Yesterday
I decided that it was time to put my money where my mouth was and tell people
about my mental illness. On
facebook. For the whole world to see. This is what I wrote:
My Dear Friends,
There's something I'd like to tell
you. It's been a little over a year since I checked myself into the local psych
ward for a three day stay. Not a lot of you knew about that. I suffer from
depression and anxiety and have since I was 12 or 13. It's a big part of my
life and a big part of who I am and where I am today. And I've decided it's
time to be frank about it. It's not a result of sin. It's not a result of lack
of will power or laziness. I can't just snap out of it. It is a result of my
brain chemistry, and I am no longer ashamed of my brain chemistry. I am not
ashamed of my trials. If you think less of me now that you know this about me,
that's your loss. But I want you to know about it so you can ask questions, so
we can get rid of the stigma associated with mental illness, and so maybe I can
even help some of you with similar struggles. Talk to me about it. Ask me
questions. I've probably heard them before. This is me making lemonade with the
most bitter lemon I've ever been handed. A wise woman once said, “If you can claim something, it has far less power over you.” Well I am claiming this.
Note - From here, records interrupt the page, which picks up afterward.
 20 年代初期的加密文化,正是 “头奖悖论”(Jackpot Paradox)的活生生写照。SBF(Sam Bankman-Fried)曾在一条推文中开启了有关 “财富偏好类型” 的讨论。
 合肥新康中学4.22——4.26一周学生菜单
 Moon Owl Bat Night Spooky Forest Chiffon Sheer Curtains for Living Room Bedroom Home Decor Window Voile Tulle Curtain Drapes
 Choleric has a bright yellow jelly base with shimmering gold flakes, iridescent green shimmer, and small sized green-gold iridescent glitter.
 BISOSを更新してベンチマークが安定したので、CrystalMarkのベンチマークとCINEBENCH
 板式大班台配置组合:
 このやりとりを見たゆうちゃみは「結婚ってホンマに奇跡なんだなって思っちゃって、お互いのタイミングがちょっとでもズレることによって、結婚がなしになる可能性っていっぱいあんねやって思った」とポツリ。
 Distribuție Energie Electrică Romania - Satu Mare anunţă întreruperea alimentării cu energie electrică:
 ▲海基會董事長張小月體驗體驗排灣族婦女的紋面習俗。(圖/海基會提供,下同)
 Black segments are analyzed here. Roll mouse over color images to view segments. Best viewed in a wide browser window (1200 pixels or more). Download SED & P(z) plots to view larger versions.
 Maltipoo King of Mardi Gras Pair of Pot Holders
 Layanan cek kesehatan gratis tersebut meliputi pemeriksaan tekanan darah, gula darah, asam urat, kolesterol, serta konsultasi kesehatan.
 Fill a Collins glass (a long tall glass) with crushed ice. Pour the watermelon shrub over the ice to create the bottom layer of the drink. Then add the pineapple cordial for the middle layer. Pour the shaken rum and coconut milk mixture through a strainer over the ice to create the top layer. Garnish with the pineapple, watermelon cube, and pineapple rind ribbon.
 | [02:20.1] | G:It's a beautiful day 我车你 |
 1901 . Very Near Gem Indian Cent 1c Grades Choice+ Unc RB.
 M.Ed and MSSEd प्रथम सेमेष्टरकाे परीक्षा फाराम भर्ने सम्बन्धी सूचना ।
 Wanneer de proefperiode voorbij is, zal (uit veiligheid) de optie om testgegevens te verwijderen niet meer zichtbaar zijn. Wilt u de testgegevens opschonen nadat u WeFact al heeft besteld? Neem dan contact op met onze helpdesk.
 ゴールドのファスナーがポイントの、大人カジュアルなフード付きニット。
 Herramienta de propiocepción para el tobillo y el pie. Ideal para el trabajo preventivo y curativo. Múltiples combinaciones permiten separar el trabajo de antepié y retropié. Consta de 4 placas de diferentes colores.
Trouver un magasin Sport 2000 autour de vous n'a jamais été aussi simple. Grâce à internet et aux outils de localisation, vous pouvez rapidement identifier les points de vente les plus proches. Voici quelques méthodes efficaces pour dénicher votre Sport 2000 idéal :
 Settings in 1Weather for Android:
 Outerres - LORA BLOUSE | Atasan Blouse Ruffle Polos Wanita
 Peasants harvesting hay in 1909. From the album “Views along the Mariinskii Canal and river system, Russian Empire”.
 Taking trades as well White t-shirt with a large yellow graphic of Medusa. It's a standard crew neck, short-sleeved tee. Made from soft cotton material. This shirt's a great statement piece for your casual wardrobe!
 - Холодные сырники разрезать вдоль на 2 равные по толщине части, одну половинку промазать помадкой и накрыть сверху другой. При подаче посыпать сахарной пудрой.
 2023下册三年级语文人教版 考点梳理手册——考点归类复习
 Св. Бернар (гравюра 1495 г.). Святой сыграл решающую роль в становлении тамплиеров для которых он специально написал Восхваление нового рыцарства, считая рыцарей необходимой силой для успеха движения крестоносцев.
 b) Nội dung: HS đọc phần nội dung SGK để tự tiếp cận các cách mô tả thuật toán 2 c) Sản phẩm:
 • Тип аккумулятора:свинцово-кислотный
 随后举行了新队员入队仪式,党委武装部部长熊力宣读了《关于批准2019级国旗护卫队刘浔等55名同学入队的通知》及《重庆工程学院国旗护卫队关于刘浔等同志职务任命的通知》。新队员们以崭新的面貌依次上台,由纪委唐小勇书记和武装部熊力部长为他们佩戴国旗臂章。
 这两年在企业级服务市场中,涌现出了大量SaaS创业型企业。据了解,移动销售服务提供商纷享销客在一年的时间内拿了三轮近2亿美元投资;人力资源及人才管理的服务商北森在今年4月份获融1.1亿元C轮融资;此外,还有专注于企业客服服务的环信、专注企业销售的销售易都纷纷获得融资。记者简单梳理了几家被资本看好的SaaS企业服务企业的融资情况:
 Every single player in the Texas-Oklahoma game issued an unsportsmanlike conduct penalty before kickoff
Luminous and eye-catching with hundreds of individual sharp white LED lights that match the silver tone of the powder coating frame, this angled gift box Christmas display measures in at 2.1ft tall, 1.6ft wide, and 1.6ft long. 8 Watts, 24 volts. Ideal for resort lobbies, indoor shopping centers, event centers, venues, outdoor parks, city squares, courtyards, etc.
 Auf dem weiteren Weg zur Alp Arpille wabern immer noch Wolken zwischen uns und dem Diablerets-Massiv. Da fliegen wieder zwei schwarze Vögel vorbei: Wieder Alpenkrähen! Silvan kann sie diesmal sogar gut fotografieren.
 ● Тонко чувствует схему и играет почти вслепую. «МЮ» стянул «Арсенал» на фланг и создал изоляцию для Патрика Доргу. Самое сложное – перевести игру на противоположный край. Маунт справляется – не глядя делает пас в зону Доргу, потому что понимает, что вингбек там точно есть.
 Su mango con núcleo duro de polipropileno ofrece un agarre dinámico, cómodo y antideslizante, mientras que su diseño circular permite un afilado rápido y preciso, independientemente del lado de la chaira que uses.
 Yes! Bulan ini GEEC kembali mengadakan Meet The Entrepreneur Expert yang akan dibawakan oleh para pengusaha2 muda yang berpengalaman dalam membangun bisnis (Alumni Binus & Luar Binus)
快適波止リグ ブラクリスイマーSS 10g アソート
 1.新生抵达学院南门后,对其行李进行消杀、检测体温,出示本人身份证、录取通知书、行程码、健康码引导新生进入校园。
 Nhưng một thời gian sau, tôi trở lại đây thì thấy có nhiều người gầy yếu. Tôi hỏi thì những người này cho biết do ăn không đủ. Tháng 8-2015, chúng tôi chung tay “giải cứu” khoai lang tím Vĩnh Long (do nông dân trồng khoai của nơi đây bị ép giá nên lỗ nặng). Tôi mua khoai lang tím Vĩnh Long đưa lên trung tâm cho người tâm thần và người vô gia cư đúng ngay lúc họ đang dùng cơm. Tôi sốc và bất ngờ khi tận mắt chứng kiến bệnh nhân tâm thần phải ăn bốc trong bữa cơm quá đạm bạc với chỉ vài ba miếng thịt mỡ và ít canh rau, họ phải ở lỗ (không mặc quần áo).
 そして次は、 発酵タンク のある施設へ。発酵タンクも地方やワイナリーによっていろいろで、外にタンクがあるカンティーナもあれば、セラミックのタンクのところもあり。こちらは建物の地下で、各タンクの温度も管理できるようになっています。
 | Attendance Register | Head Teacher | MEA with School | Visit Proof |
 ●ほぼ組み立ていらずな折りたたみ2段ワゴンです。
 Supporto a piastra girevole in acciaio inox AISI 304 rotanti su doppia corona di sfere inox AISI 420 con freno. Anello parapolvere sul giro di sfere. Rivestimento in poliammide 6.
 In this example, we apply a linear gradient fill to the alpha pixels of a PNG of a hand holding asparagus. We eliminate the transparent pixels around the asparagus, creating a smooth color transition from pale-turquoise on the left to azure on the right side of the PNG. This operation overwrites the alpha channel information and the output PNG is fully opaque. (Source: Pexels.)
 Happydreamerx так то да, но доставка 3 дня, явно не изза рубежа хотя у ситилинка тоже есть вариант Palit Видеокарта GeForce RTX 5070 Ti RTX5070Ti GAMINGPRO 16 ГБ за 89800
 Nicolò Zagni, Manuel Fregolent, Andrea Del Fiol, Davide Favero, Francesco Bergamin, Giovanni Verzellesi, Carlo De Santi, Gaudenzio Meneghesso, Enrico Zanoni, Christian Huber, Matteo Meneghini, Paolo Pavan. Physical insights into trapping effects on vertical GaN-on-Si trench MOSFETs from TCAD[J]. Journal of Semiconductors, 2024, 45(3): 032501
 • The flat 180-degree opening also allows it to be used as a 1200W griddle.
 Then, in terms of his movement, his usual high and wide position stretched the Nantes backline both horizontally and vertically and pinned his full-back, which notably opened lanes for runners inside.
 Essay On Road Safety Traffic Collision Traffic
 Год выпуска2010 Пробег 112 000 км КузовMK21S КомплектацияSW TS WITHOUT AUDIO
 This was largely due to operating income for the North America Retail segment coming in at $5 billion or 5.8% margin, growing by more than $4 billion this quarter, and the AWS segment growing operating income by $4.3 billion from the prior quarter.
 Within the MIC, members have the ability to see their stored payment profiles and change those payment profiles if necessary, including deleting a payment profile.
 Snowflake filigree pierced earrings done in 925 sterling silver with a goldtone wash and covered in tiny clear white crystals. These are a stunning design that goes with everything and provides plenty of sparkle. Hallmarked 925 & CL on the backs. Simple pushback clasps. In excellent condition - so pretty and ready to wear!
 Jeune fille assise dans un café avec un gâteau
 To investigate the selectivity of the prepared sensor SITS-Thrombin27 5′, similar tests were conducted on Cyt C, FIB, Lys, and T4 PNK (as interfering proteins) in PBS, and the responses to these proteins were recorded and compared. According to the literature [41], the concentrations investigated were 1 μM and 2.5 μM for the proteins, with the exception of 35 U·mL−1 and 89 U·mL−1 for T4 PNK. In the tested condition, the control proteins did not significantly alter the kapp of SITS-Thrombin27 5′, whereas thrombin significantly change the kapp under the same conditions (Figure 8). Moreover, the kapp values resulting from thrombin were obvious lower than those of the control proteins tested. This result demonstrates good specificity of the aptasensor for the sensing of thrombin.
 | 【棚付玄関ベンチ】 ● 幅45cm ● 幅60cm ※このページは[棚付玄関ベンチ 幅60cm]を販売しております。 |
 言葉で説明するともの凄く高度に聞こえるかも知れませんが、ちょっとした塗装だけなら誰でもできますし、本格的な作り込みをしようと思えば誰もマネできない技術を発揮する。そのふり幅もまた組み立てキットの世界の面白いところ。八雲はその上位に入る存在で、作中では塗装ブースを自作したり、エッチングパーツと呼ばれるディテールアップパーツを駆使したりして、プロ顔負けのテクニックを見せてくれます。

I am
claiming my mental illness. I hope you understand.
With Love,
Ashleigh
And it’s absolutely true- “If you
can claim something, it has far less power over you!” I’m a little stunned by the outpouring of
love and support. At the last count, I
had 59 “likes”, 28 comments, five private messages, and a text message. People care.
And I’m so grateful I gave them the opportunity to do so. And I’m going to keep owning depression! You hear that, depression?! YOU DON’T OWN ME! I’M FREE!!!